Everyone tries their best, if you are able to help by finding a sponsor, I'm sure the admins will appreciate it.

-Petey


----------



## Potatoe (Jun 17, 2002)

Sounds like the situation is progressing which is fantastic IMO.

Dabullz may "just" be a poster, but he is one of a half dozen or so posters on this site that make it worth reading even when the Bulls are not your favorite team.

I would empolre all parties involved to work diligently towards a resolution.

On a side note,,,

I do find it somewhat frustrating to see certain posters criticizing the Admins for protecting a sponsor when they themselves have no even shelled out a measly 10 buck to become a supporting member.

Perhaps if you had actually contributed to the site you might be in a position to voice your complaints but until then you're just a free loader complaining about the accommodations..

No offense,,

(smile)


----------



## Nater (Jul 10, 2002)

> Originally posted by <b>robert60446</b>!
> 
> 
> I understand their afford perfectly. I want help too. I will support basketballboards with my money. I will send e-mail with request for more information’s about the “PayPal” payment option tonight from my home. *But it is hard to understand for me, how come our forum struggles to find sponsors. *Chicago Bulls forum is very popular. It must be good bait for sponsors from Chicago land…or not? Anyway, DaBullz presence is crucial for future growth of the forum. His opinions are very valuable, more important DaBullz is a legend here. He is “our” franchise player if someone wants to use basketball analogy and you are not cutting off your franchise players.


Whatever the reasons are, this much is certain... if conduct like DaBullz' were allowed, it would be _even harder_ to attract sponsors. 

No-one questions DaBullz' value as a poster, but he made a foolish decision, and certainly knew what the consequences would be. To proclaim DaBullz as "innocent" is to insult the integrity and the competence of this site's hard-working and very responsible Admins and Moderators. 

Also, it is admirable that you are speaking with your wallet! :greatjob:


----------



## airety (Oct 29, 2002)

*A rant, if you will.*

As a defense from Potatoe because even though I hadn't posted anything yet even though I have an opinion, I've never really gotten any sense of urgency coming here. The site is hardly ever down. The boards are always fast. I'm never really pestered for money. I've never seen any sort of financial report on any board (maybe I don't look in the right places?)

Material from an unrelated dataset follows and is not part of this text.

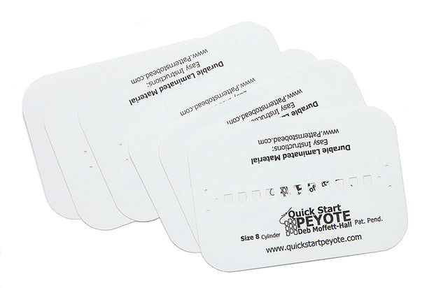 Detailed Description: Quick Start Peyote Cards Never struggle to start a peyote project again! Cards can also be used to start Right Angle Weave! Quick Start Peyote is a fast and easy way to start even-count or odd-count peyote projects. Cards look like paper, but work like plastic. The QSP starter cards are precision laser-cut from a three layer durable laminate. Reuse the cards again and again!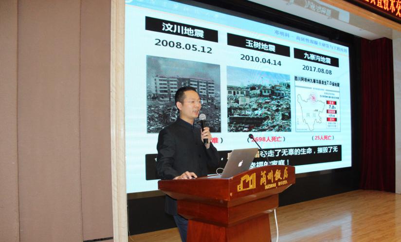 由西安建筑科技大學(xué)高延性混凝土研究所所長(zhǎng)鄧明科教授進(jìn)行高延性混凝土研發(fā)及應(yīng)用技術(shù)講解

I'm kind of used to seeing that when a few individuals are forced to carry the financial burden of a community. A few sites I went to used to have monthly donations, and they would put up costs for that month to show a net gain/loss. It kept you aware of how they were doing month by month. When donations + sponsorship money was greater than costs, they said so and I kept my money to myself. When donations + sponsorship was less than cost, they'd say so and I'd chip in my $5, as did almost everyone else.

I find this place extremely enjoyable, extremely informative, and I genuinely like the community. Due to personal morals, I don't like the thought of anyone profiting from a community... it seems wrong on so many levels. If people come to this forum solely to read what I post, why should BBB.netOwner profit because of it? It seems like pretty much every job here is on a volunteer basis, so I think it'd be ridiculous for anyone to profit.

So, based on my own assumption that this site was doing fine financially on its own, and my personal belief that nobody should ever profit from a community such as this... I never bought a supporting membership.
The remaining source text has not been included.